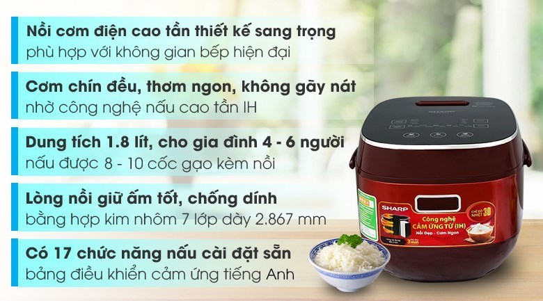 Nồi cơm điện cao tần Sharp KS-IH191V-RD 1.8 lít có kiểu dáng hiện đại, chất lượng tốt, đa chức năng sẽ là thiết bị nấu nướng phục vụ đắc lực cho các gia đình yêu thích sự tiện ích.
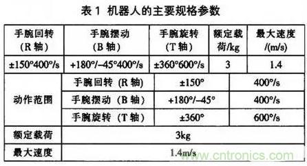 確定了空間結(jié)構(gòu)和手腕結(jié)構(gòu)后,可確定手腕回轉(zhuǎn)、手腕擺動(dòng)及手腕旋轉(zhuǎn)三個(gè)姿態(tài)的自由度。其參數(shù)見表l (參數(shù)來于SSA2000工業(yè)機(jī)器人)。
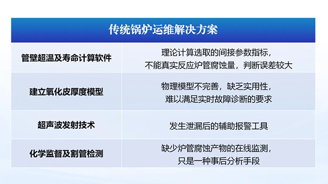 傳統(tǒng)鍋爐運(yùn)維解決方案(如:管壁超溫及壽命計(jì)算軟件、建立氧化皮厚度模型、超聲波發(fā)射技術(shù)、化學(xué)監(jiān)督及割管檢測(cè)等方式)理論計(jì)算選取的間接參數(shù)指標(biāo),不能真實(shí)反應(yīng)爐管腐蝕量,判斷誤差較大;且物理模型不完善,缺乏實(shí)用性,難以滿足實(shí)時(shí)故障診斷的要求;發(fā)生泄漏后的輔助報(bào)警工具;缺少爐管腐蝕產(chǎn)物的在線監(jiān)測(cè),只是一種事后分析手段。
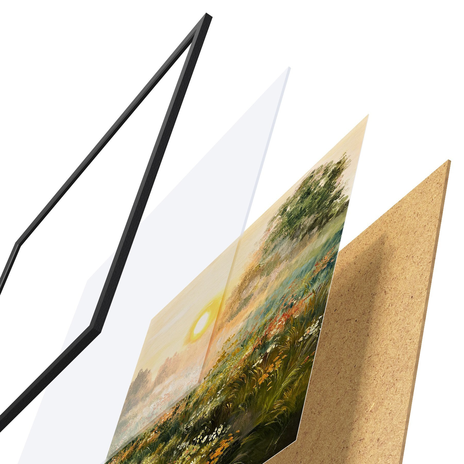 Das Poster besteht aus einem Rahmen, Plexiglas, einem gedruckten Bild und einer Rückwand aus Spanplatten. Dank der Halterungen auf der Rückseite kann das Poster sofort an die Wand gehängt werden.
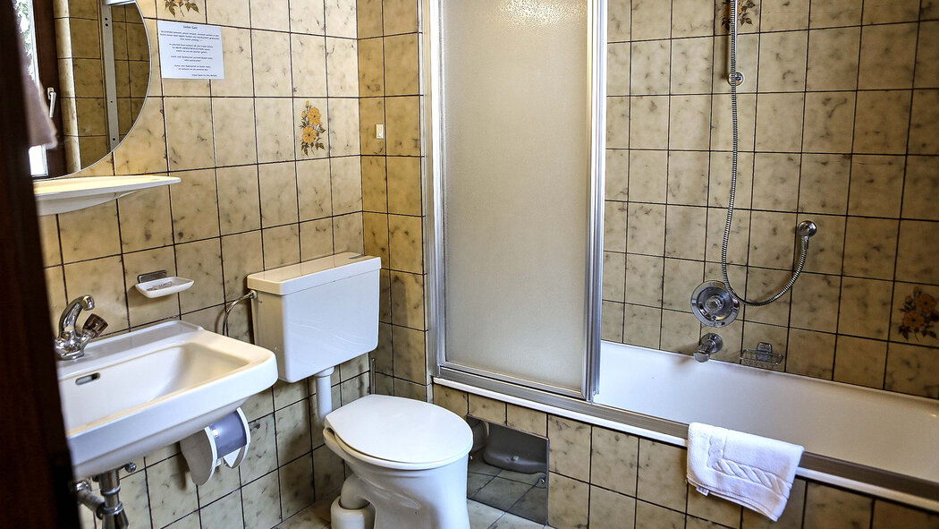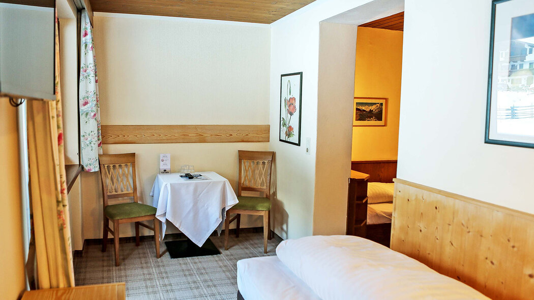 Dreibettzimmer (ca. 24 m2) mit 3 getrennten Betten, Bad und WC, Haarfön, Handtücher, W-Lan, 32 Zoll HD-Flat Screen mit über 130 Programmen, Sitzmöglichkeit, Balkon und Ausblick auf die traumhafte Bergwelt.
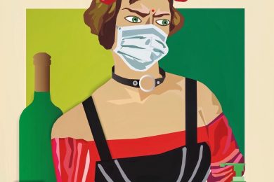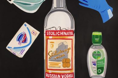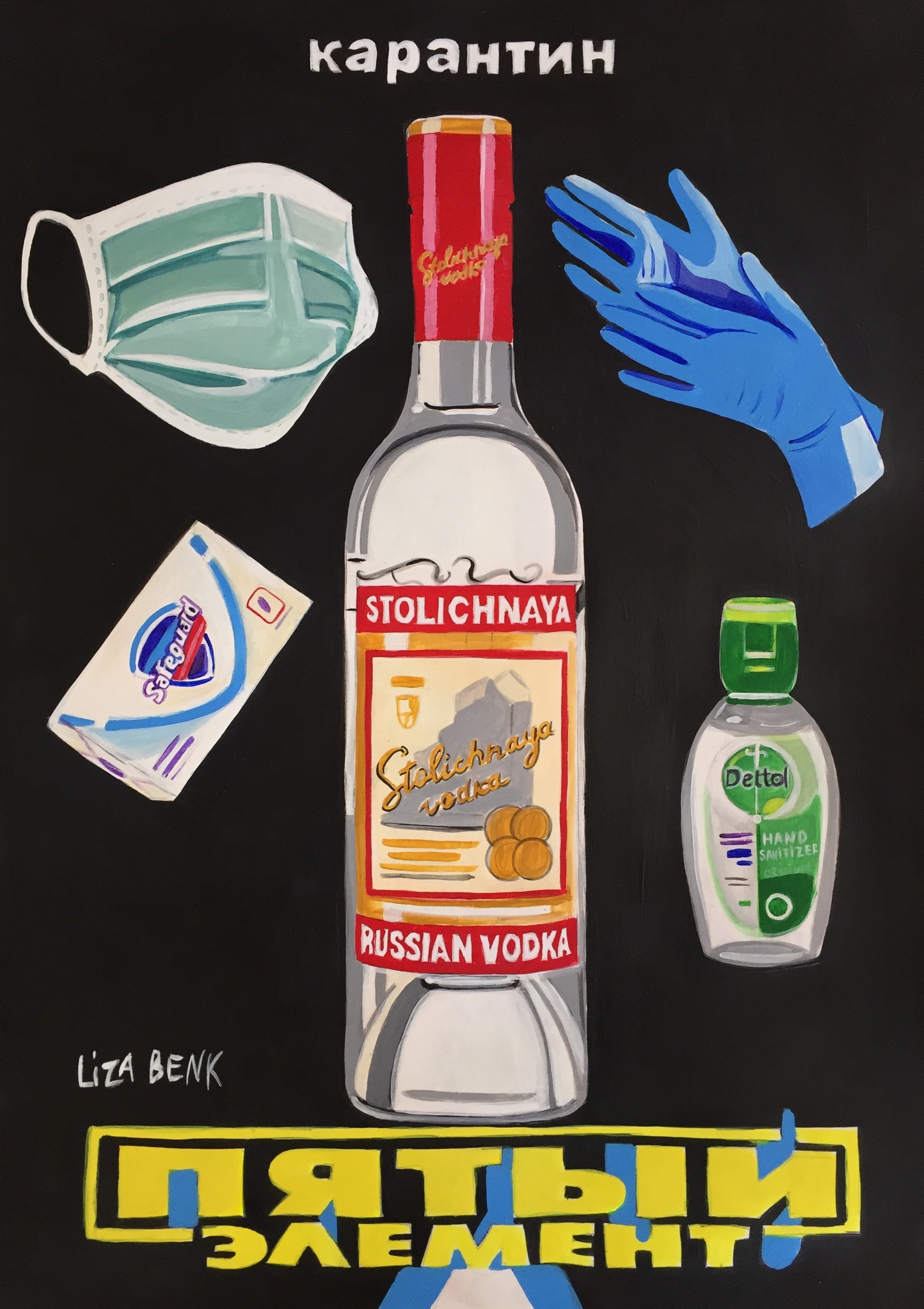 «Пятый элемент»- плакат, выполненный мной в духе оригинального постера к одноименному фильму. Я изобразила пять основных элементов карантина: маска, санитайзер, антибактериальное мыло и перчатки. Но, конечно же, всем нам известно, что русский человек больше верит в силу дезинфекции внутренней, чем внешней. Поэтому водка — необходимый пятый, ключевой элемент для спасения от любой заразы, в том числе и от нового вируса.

════════

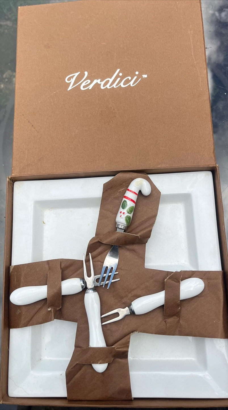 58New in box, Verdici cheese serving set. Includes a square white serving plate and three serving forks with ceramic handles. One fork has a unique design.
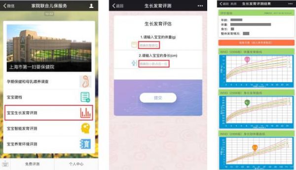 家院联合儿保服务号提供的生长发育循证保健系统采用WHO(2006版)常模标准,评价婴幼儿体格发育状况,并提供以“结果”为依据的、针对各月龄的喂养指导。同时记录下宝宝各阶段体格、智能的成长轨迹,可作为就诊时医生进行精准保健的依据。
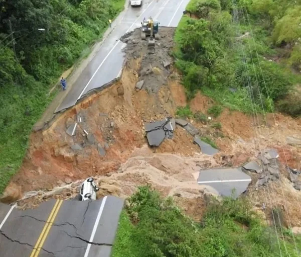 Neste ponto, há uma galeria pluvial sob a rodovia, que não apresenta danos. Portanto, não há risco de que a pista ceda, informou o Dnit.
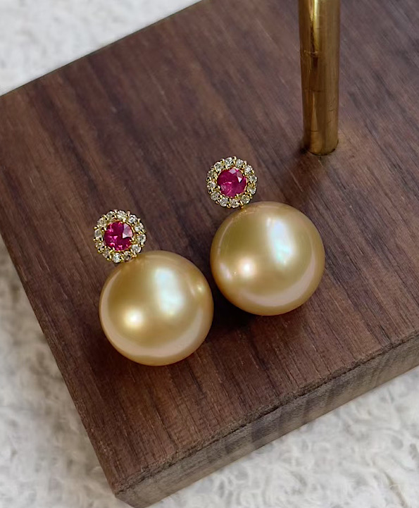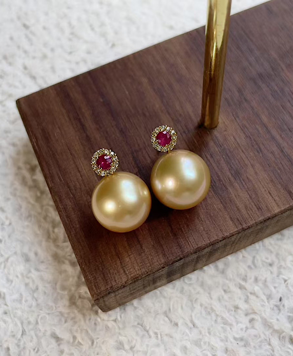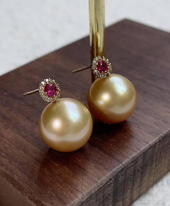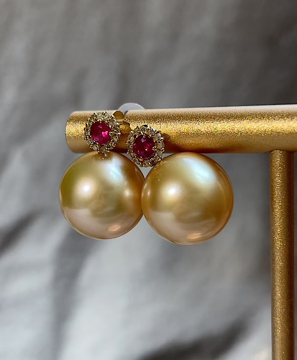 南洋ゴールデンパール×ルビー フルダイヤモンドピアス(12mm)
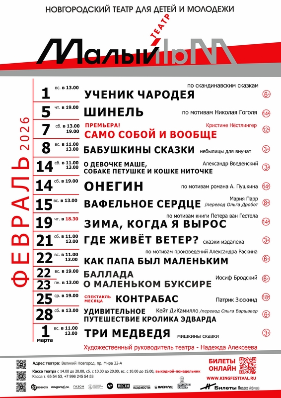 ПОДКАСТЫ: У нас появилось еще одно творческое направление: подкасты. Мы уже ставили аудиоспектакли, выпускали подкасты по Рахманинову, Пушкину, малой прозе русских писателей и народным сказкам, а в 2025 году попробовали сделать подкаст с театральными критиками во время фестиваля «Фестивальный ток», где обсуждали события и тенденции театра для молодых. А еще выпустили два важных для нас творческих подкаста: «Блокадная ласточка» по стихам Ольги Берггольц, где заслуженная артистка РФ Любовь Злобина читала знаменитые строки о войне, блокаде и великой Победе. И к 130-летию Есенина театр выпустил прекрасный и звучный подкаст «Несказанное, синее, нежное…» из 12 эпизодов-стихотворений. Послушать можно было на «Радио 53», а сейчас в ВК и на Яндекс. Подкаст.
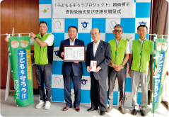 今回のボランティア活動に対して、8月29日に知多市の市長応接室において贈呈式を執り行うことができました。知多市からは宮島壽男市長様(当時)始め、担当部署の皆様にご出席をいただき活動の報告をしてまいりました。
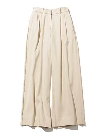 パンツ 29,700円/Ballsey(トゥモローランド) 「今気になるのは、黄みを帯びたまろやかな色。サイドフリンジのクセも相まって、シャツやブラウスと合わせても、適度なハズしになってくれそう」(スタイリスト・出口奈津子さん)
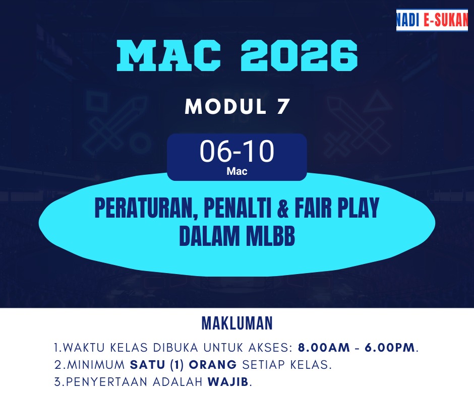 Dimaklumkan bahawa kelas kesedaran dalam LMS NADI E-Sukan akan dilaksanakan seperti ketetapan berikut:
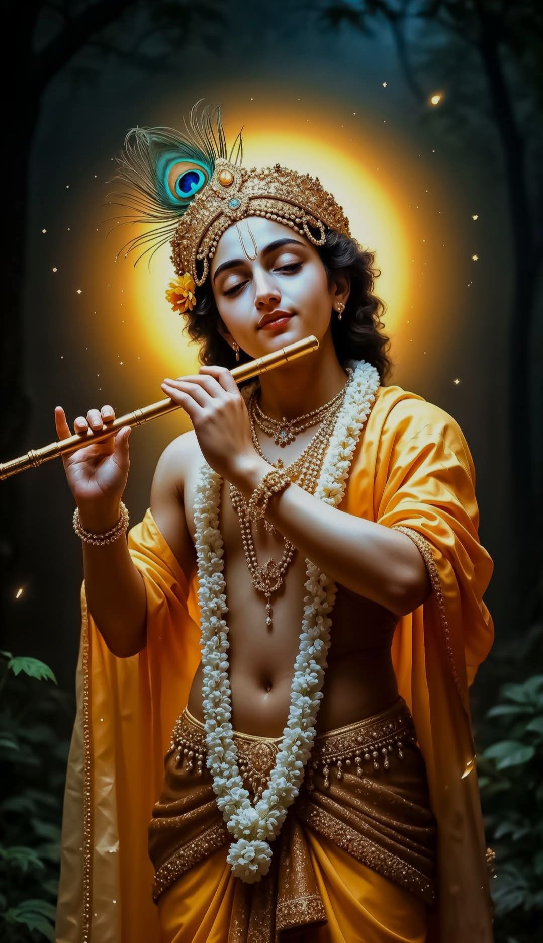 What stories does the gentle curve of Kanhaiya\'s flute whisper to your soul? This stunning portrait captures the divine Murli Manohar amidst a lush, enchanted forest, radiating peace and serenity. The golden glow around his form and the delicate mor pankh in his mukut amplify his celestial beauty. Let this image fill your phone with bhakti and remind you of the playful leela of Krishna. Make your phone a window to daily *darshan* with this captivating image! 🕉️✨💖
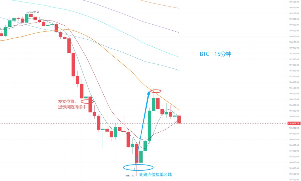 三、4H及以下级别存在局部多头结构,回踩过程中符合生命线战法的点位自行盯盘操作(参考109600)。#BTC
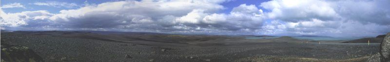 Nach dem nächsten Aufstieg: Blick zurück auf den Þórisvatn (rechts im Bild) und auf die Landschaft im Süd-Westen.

════════

TRY IT: The copy should hold exactly the lines above from the one with "家院联合儿保服务号提供的生长" through the one with "南洋ゴールデンパール×ルビー フルダイヤモンドピアス(12mm)", both ends counted, and no pictures at all.

RESULT:
 家院联合儿保服务号提供的生长发育循证保健系统采用WHO(2006版)常模标准,评价婴幼儿体格发育状况,并提供以“结果”为依据的、针对各月龄的喂养指导。同时记录下宝宝各阶段体格、智能的成长轨迹,可作为就诊时医生进行精准保健的依据。
 Neste ponto, há uma galeria pluvial sob a rodovia, que não apresenta danos. Portanto, não há risco de que a pista ceda, informou o Dnit.
 南洋ゴールデンパール×ルビー フルダイヤモンドピアス(12mm)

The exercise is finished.